Dikwijls vangt hij het stormend gedreven spel aan met de zomerzwaarte der kleuren, die in kamerdonker in bloembouquetten komen zinken, soms met bliksemende vaart, soms in loome dwarreling, als blaren-val, maar altijd met de zeldzame kleurenpracht en besloten weelde van hunne hooge afkomst.
* * *
Het is tot een bijna onsmakelijke gewoonte geworden in Verster het hartstochtelijke te eeren. Maar zij die dit doen, zonder de hoedanigheid daarvan te bepalen, raken het wezen aan de oppervlakte. Dit juist onderscheidt den schilder van de anderen, die in den storm van hun hartstocht schilderden: ook in zijn hartstochtelijke bevrijdingen blijft hij de teruggetrokkene. Hij behoorde tot die rythmisch geborenen, tot die begaafde menschen, die tot in hunne dronkenschappen meesterlijk zijn, want nooit ten volle verliezen wat anderen te spoedig kwijt zijn.
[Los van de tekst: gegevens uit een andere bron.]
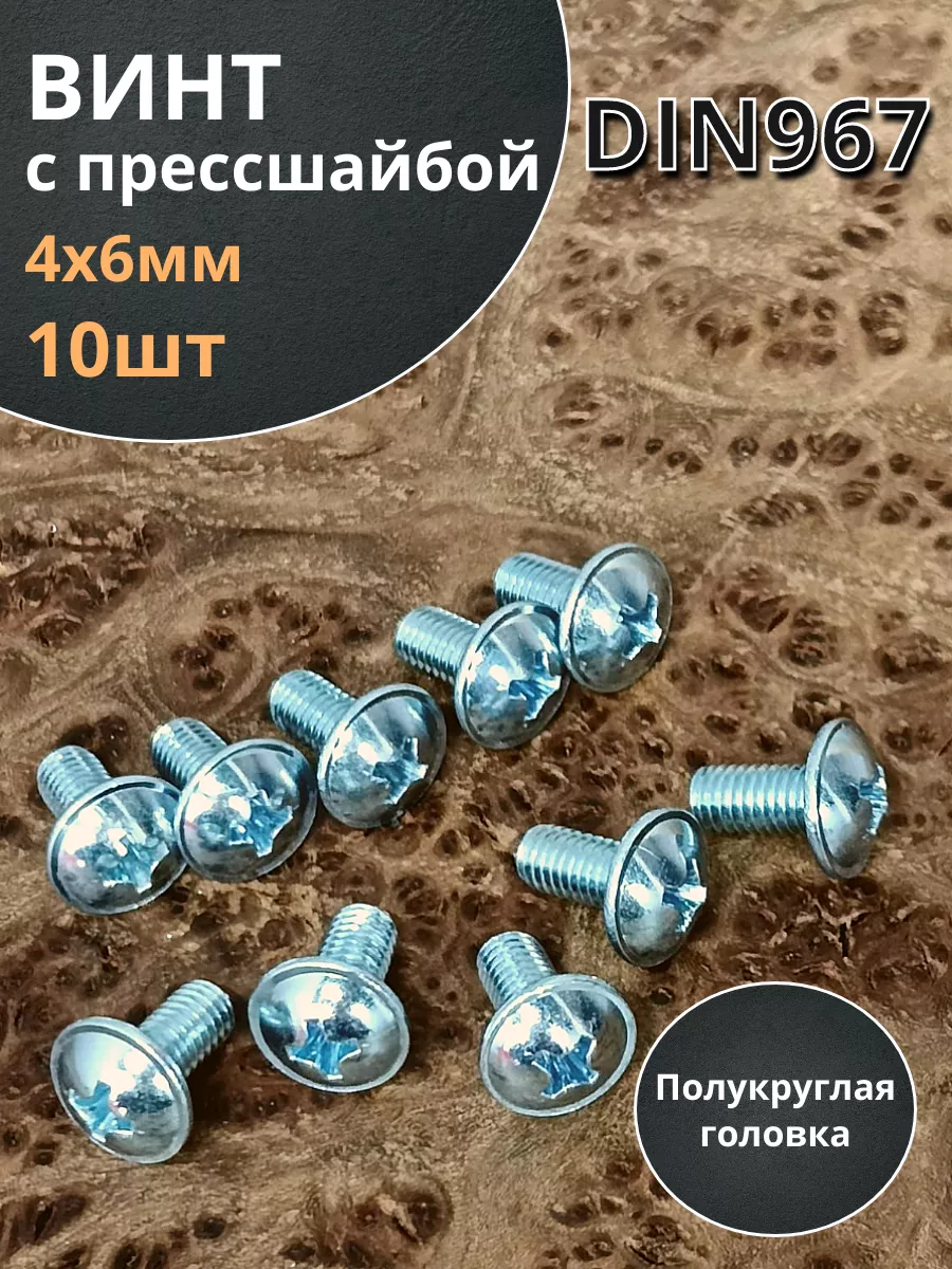 Винт с прессшайбой М4х6 полукруглая головка DIN967, 10 шт.
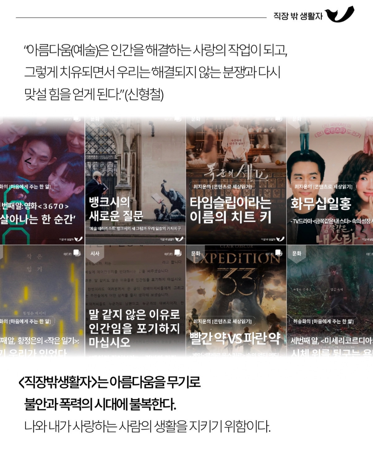 <직장밖생활자>는 아름다움으로 불안과 폭력의 시대에 불복한다. 나와 내가 사랑하는 사람의 생활을 지키기 위함이다.
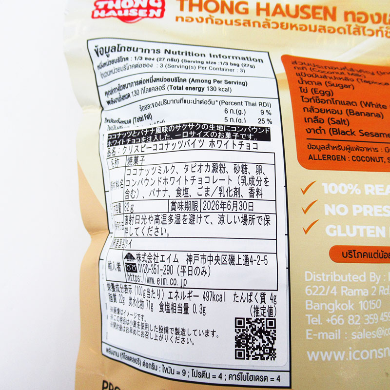 バナナフレーバーのココナッツロールの中に、ホワイトチョコレートが詰まった一口サイズのサクサクのスナックです。香ばしいココナッツの風味とチョコレートの豊かな味わいが広がります。ティータイムやちょっとしたギフトにもおすすめです。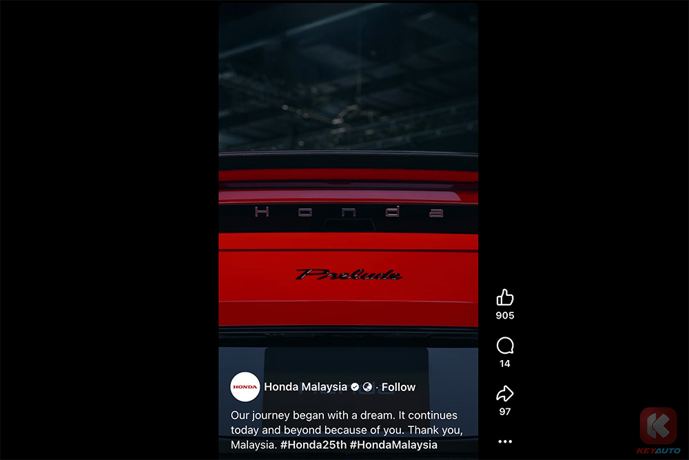 前不久才在 2025 日本移动展上看到 Honda 双门轿跑 Prelude 的实车,Honda Malaysia 就偷偷在他们的社交媒体账号上偷偷释出这款轿跑的身影,似乎是在预告着即将来到大马市场?

Toomeloos van vaart bleef hij vast gericht toch tot in zijne driftigste stooten.
In zijne teruggetrokkenheid schilderde hij het stilleven, niet als de maaltijden van een op kleur verzotten schilder, niet als het atelier-stuk van telkens wisselende en bijeengezochte allegaartjes van artistieken huize, niet als de toevallige aardige schikking van een overigens zinloos dingen-gezelschap, ook niet als Meiners, die de dingen bij elkander voelt en hoe ze zijn als toon in kamersfeer, met een wand met portretten, een scherm, een tafel, een venster.
Verster is in zijn beste werken gekomen tot het samenleven van den mensch met de dingen.
Het was hem niet genoeg, dat hij goed kon schilderen, begaafd was. Hij wist dat deze begaafdheid, op zich zelf toereikend voor het oogenspel, ontoereikend voor den geest was. Het was hem niet genoeg de dingen fraai en bijzonder te zien, want zijn hart was te eenvoudig en eerbiedig van liefde om op den duur de schoone houding niet te schuwen, zijn geest kende te zeer den drang om zoo zuiver mogelijk
| |
| |
te willen zien, om het onwaarachtige niet te verachten.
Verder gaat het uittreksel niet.